Clay never left the town of Borges. Almost half a decade after his disappearance, Clay had been in the same house that he arrived at following the car accident. But Clay wasn’t just Clay anymore. 

He’d been living in a house in the middle of the desert and he was there when the Ill pollen spread, though the cloud couldn’t touch him. Nothing could touch him since he met and joined with his other half. 

The house where Clay had been hidden from the world belonged to a man called Don Luis Manuel Santana Nieto by the locals who knew him before his death. After the death of the man, his grandson Ivan inhabited the house as his own and Clay arrived at the house shortly after Ivan had killed the man.

The two boys rarely spoke to one another and their regular need for human sustenance was diminished on the day that they met one another. They existed in the run-down house that was shakily built and had holes in the roof as two entities of silver light who mostly levitated in seeming meditation while bolts of lightning flared between them. They had lost their individual humanity as they became something more, something ancient that had existed on Earth since before the dawn of humanity. 

After almost five years in their silver light forms, Ivan and Clay completed their fusion into a single, god-like entity of pure electricity. And after a day in that form, it became what appeared to be a giant, naked man that burst through the roof of the house. 

Just as this happened, an oval doorway formed in the sky before the giant.
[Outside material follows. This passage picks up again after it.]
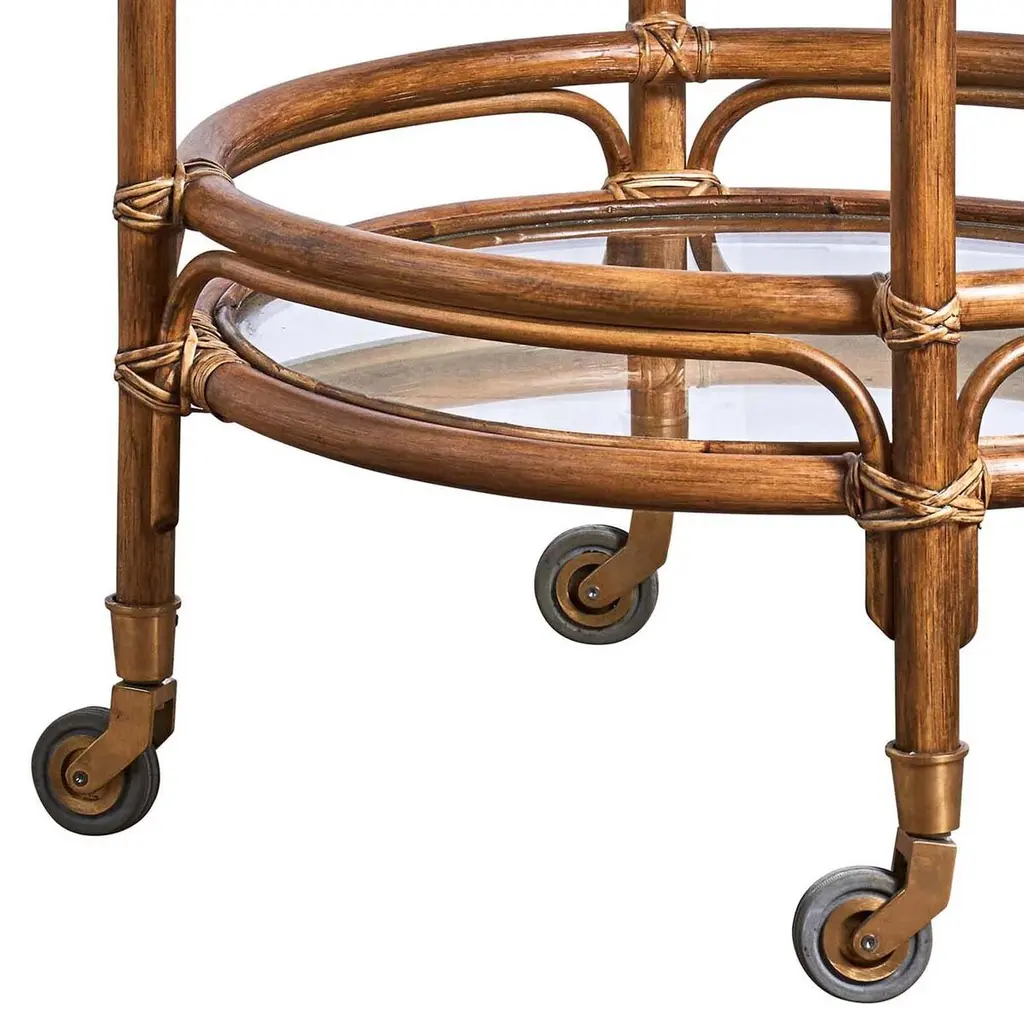 The Romeo Trolley by Sika Design speaks to those who appreciate effortless elegance and practicality. Bringing back the glamour of the 1950s dinner party, the natural rattan trolley showcases graceful organic curves and masterful craftsmanship. Topped with a handle and finished with small brass casters for easy mobility, the versatile design elevates the feel of any space. The Romeo makes a charming bar cart or tea service and adds a classic touch as a side table in the bedroom or living room.

It wove itself from glowing lines of blue energy into a large oval as two men emerged from it.

“Where are we?” a man named Gregory Samin asked. He was covered in the blue energy from the portal that allowed him to levitate behind the other man who had a magnificent cape that wafted behind him. 
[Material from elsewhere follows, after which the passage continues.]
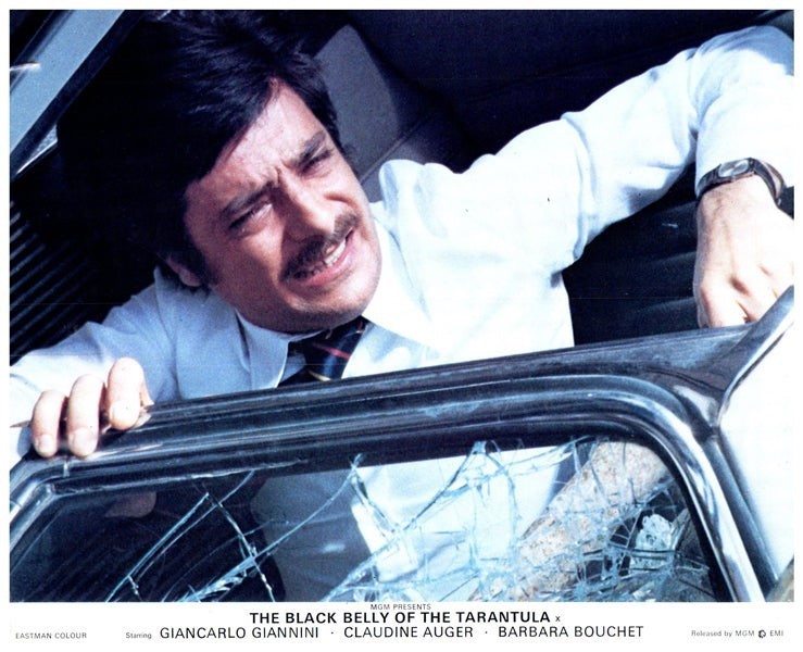 Black Belly of the Tarantuala 1971 Original Lobby Card Giancarlo Giannini, Claudine Auger, Barbara Bouchet and Barbara Bach in cult Italian Giallo film VG/Near Mint Condition Silver Screen Mementos are pleased to be able to offer this authentic original Lobby Card measuring 8x10 inches. This lobby card is from Great Britain and was printed during the actual year the film was released in movie theaters. The lobby card (also known as Front of House/ FOH card in the UK) was created by the film studios to publicize the movie and was intended for display outside the movie theatre in special glass display boxes. These are NOT reproductions! You are looking at a truly original piece of cinema art, a genuine collector's item. We have a huge archive of over 250,000 original lobby cards, mostly from the 1930's to the 1980's. We will be releasing many more rare gems from our vast collection, which will include lobby cards, original photographs, movie stills, magazines, brochures negatives, transparencies, slides and other collectible items of movie memorabilia.

“Not where I expected the Portals of Wazad to take us,” the other man said in his stately voice that was befitting of his title. The man was Issac Washington, the Master of Universal Arcana. “The portals usually take me to the destination I envision when I summon them, but in times of danger, they can override my will to take me where I am most needed. And judging by the giant in front of us, and the stillness of the clouds, I think the Lightning God has reappeared on Earth.”
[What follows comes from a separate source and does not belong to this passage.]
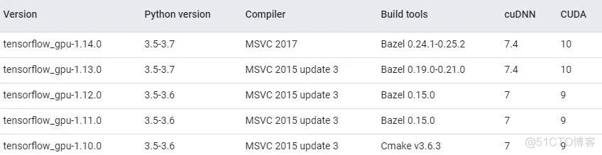 Tensorflow源码编译bug多一直被广大用户诟病,不同版本对应不同的编译器,gpu版本还需要安装对应的cuda和cudnn库。因此笔者强烈建议先到官网查看编译配置,具体点击下面链接:Build from source on Windows(https://tensorflow.google.cn/install/source_windows)下面列出前5个官方已经测试过的配置:

“What is that?” Gregory asked.

“You really are undeserving of your powers,” Issac said. “Do you know anything about magic outside of what your family has done for centuries?”

Issac looked back to see Gregory hanging his head in shame. 

“That is the condition for the return of your powers,” Issac said and the two slowly floated toward the giant that seemed to be asleep on its feet. “You are my student and you must expose yourself to all of the magics of the Earth. Not only will you read a thousand books from around the globe, you will need to demonstrate mastery of magics from five countries outside of the European continent.”

The two floated before the face of the giant as it’s eyes opened and a bolt of lightning struck the space between them.

“I am starving,” the giant said. “And you two will be the best meal I have had in centuries.”